Karena si nenek tidak berkata-kata dan asyik terus menggerogoti
rotinya maka bertanyalah Wilarani. “Nenek, apakah aku yang rendah ini
boleh tahu siapa kau adanya dan di mana aku berada saat ini?!”
Si nenek habiskan dulu rotinya baru menjawab.
“Siapa aku?! He, itulah yang aku sendiri tidak tahu!” Lalu nenek itu
tertawa terlengking-lengking.
Wilarani tak habis heran. Nenek kepala botak ini agaknya seorang
sakti yang aneh misterius.
Dalam pada itu si nenek membuka lagi mulutnya, berkata. “Orang-
orang juga sering bertanya seperti kau. Siapa aku?! siapa aku?! Dan aku
selalu bilang pada mereka aku sendiri tidak tahul Kadang-kadang ada
yang keliwatan mendesak, tanya terus, tanya terus! Lalu aku jawab aku
adalah seorang nenek-nenek buruk berkepala botak!” Kembali si nenek
tertawa melengking-lengking!
Mau tak mau Wilarani ikut pula tertawal
“Ha...,” si nenek hela nafas. “Kau bisa juga tertawa ya? Kata orang
kalau banyak tertawa bisa awet muda! tapi aku yang sudah tua semakin
banyak tertawa semakin keriputan! Semakin jelek!”

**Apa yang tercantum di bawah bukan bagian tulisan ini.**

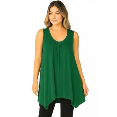 Candid Styles Ladies Summer Tops Womens Sleeveless Hanky Hem Vest Top Tunic Blouse Loose Fit Flared Swing Dress Plus Size 16 18 Green
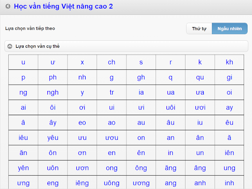 Ý nghĩa: học các âm vần chính, cách phát âm và đánh vần các vần này trong tiếng Việt. Dạng Nâng cao 2.

Wilarani tertawa cekikikan. Tapi tertawanya itu ditahan-tahan
karena khawatir si nenek akan marah! Terhadap orang bersifat aneh
musti berlaku hati-hati, demikian membathin Wilarani.
“Wilarani!” berkata si nenek sesudah roti kedua dihabiskannya. “Di
mana kau berada saat ini pun, kau tak perlu tahu! Yang penting yang
musti kau ketahui ialah bahwa kau harus diam di sini bersamaku selama
dua puluh tahun!”
Kagetlah Wilarani.
“Nenek, apa maksudmu...?!” tanya Wilarani.
Lama si nenek berdiam diri, memandang lurus-lurus ke tembok
kamar dihadapannya seakan-akan pandangannya itu hendak menembus
ketebalan tembok itu.
“Selama dua puluh tahun itu kau sama sekali tidak boleh
meninggalkan tembok ini, tidak boleh keluar dari tembok yang membatasi
gedung ini! Jika kau melanggar pantangan itu, hukuman yang berat akan
jatuh atas dirimu dan kau akan disekap selama empat puluh tahun
dipenjara di bawah tanah yang gelap gulita!”
Berubahlah paras Wilarani mendengar ucapan si nenek. Dia
membathin. jika si nenek membawanya ke sini dengan maksud jahat
mengapa dia telah ditolong dari tangen perampok-peramok itu? Tapi kini
sesudah ditolong kenapa pula dia musti tinggal selama dua puluh tahun
dalam gedung itu tak boleh keluar dan jika melanggar pantangan akan
disekap dipenjara bawah tanah selama empat puluh tahun?! Sungguh
aneh! Aneh tapi diam-diam juga menggidikkan Wilarani! Kalau dia
mengikuti kehendak si nenek, berarti dua puluh tahun kemudian dia
sudah menjadi nenek-nenek pula dan dalam keadaan masih perawan,
perawan tua! Sebaliknya bila dia membantah, dia akan disekap empat
puluh tahun dalam penjara bawah tanah, ini berarti pada saat dia
dibebaskan nanti usianya sudah mencapai tujuh puluh tahun!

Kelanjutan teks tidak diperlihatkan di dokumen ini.